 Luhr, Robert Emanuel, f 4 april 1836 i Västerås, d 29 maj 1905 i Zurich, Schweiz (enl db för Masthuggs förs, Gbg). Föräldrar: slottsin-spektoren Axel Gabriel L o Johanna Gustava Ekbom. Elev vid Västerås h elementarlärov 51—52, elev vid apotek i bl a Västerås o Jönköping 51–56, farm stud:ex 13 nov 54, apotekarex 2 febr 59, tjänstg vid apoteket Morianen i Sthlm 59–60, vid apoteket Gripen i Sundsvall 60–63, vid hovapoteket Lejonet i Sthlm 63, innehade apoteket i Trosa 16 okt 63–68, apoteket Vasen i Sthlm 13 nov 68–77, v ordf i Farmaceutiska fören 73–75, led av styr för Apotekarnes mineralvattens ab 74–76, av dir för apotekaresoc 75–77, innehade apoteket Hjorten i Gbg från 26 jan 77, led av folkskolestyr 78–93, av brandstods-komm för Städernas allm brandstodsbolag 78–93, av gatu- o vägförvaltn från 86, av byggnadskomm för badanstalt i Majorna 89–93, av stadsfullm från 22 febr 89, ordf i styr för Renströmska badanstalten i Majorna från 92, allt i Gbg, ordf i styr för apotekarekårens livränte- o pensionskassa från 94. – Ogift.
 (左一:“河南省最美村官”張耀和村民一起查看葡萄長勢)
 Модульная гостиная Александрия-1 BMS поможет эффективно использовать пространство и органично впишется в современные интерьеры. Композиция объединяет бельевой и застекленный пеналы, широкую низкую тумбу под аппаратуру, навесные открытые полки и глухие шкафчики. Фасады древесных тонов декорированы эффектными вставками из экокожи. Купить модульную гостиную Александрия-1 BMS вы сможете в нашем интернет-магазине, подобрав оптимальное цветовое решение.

WHAT TO PRODUCE:
Copy all the data. Match it exactly.

RESULT FOR THIS EXERCISE:
 Luhr, Robert Emanuel, f 4 april 1836 i Västerås, d 29 maj 1905 i Zurich, Schweiz (enl db för Masthuggs förs, Gbg). Föräldrar: slottsin-spektoren Axel Gabriel L o Johanna Gustava Ekbom. Elev vid Västerås h elementarlärov 51—52, elev vid apotek i bl a Västerås o Jönköping 51–56, farm stud:ex 13 nov 54, apotekarex 2 febr 59, tjänstg vid apoteket Morianen i Sthlm 59–60, vid apoteket Gripen i Sundsvall 60–63, vid hovapoteket Lejonet i Sthlm 63, innehade apoteket i Trosa 16 okt 63–68, apoteket Vasen i Sthlm 13 nov 68–77, v ordf i Farmaceutiska fören 73–75, led av styr för Apotekarnes mineralvattens ab 74–76, av dir för apotekaresoc 75–77, innehade apoteket Hjorten i Gbg från 26 jan 77, led av folkskolestyr 78–93, av brandstods-komm för Städernas allm brandstodsbolag 78–93, av gatu- o vägförvaltn från 86, av byggnadskomm för badanstalt i Majorna 89–93, av stadsfullm från 22 febr 89, ordf i styr för Renströmska badanstalten i Majorna från 92, allt i Gbg, ordf i styr för apotekarekårens livränte- o pensionskassa från 94. – Ogift.
 (左一:“河南省最美村官”張耀和村民一起查看葡萄長勢)
 Модульная гостиная Александрия-1 BMS поможет эффективно использовать пространство и органично впишется в современные интерьеры. Композиция объединяет бельевой и застекленный пеналы, широкую низкую тумбу под аппаратуру, навесные открытые полки и глухие шкафчики. Фасады древесных тонов декорированы эффектными вставками из экокожи. Купить модульную гостиную Александрия-1 BMS вы сможете в нашем интернет-магазине, подобрав оптимальное цветовое решение.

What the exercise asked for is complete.